[hpsdr] Call for Comments and Discussion - OzyII

Fri Jul 24 11:19:45 PDT 2009

Henry Vredegoor wrote:
> Hi John, All,
>
> It would be nice to have a ball park figure about what we are talking about
> with respect to _REQUIRED_ bandwidth for the highest bandwidth application.
>
> Call it a kind of design specification.
>   
That's a really good point. Maybe we can find some basis for agreement. 
Here's some calculations of the processing power requirements as a 
function of bandwidth. I'm sure experts in the field can find all sorts 
of opportunities to fine tune the estimating process, but the general 
point is that it takes a lot of CPU horsepower to process an A/D sample 
and those processing requirements grows faster than linear with 
increasing sampling bandwidth.

Let's start with an architecture baseline. The general building blocks 
include
- Antenna, Feedline
- Software Defined Radio
- RF filtering to meet Nyquist criteria for A/D converter
- Wide band A/D converter running at 10-100 MHz
- FPGA or other custom DSP performing filtering and data rate reduction
- Data connection between SDR and general purpose computer (PC)
- PC
- Accepts data from SDR
- Runs a general purpose OS such as Linux or Windows
- Implements filtering, demodulation, audio, control

The softrock class SDR eliminates the DSP in the SDR but only supports 
about 96 KHz of bandwidth.

Let's talk about the performance capability of the PC running DSP algorithms
- Functions include filtering, signal selection, noise blanking, 
demodulation
- Linrad uses a series of FFTs that consume most of the processing
- Linrad consumes about 20% of CPU for 96 KHz bandwidth from a sound card
- Estimate CPU performance: 2 GHz clock, 1 Floating Point 
instruction/clock = 2G flops
- Estimate equivalent bit rate: 100 KHz clock x 16 bits/sample X 2 IQ 
sample/clock = 3.2 Mbps
- Estimate processing per interface bit or sample in the interface
- 2G FLOP/sec * 20% load / 3.2Mbps = about 120 instructions per bit
- 2G FLOP/sec * 20% load / 100k samples/sec = about 4000 instructions 
per sample

Pay attention to the number of instructions per sample, that's the most 
important number. It's a bit of a rough estimate, but it's based on a 
real example (Linrad). This means that it takes a lot of number 
crunching for each A/D sample. Worse, the amount of processing required 
grows exponentially with wider IF bandwidth.

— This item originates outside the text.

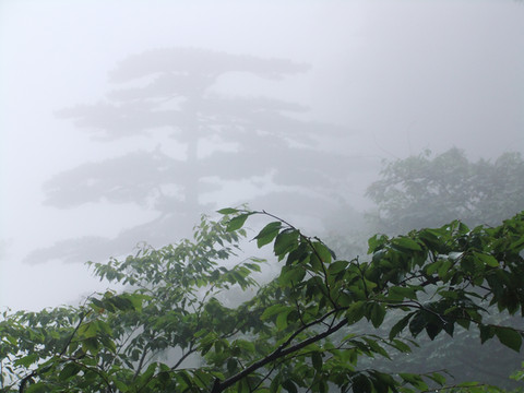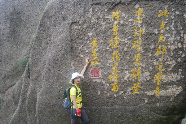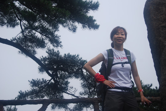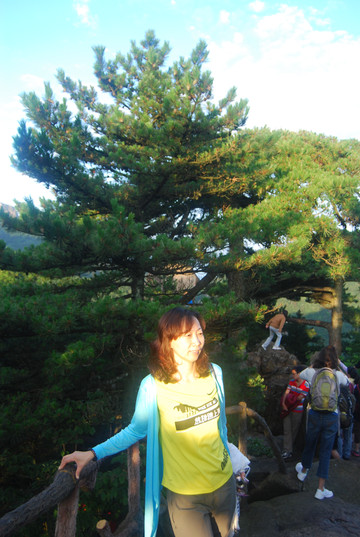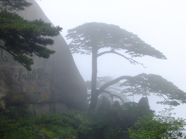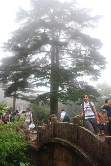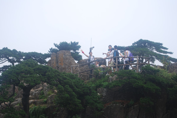 迎客松:“不到迎客松,白跑一场空”,到了迎客松才算是真正到了黄山,既然冒雨爬山,就得留下印迹 。树龄至少已有800年,如图一侧枝桠伸出,就像人伸出臂膀欢迎远道而来的客人。

Linrad uses a series of FFT's to break down a 96 KHz sample stream into 
SSB or CW bandwidths. The size of the FFTs depends the bandwidth of the 
incoming sample stream. For a wide band SDR, the size of the FFT will 
grow and the processing power also grows by what's called "N log(N)".

As the bandwidth of the SDR grows, the number of FFT bins require to 
break down the bandwidth into digestable chunks grows linearly (by N). 
If we assume that the first FFT breaks the IF bandwidth down into 100 Hz 
bins, it effectively samples a 100 Hz chunk of the band with each FFT. 
To reproduce the signal with an inverse FFT, the FFTs need to repeat 
fast enough to meet the Nyquist criteria for the bandwidth of the 
bin....meaning the FFT has to repeat at greater than 200 Hz plus some 
factors for overlapping and filter skirts...call it 500 Hz or 2000 usec 
for all the the FFT processing.

That give another way to estimate the CPU performance requirements. The 
FFTW web site has a nice formula, http://www.fftw.org/speed/. The simple 
formula for PC performance requirement becomes...
- M FLOPS = 5 N log2(N)/ (time per FFT in microseconds)
where time per FFT is about 2000 usec (for 500 Hz repeat rate)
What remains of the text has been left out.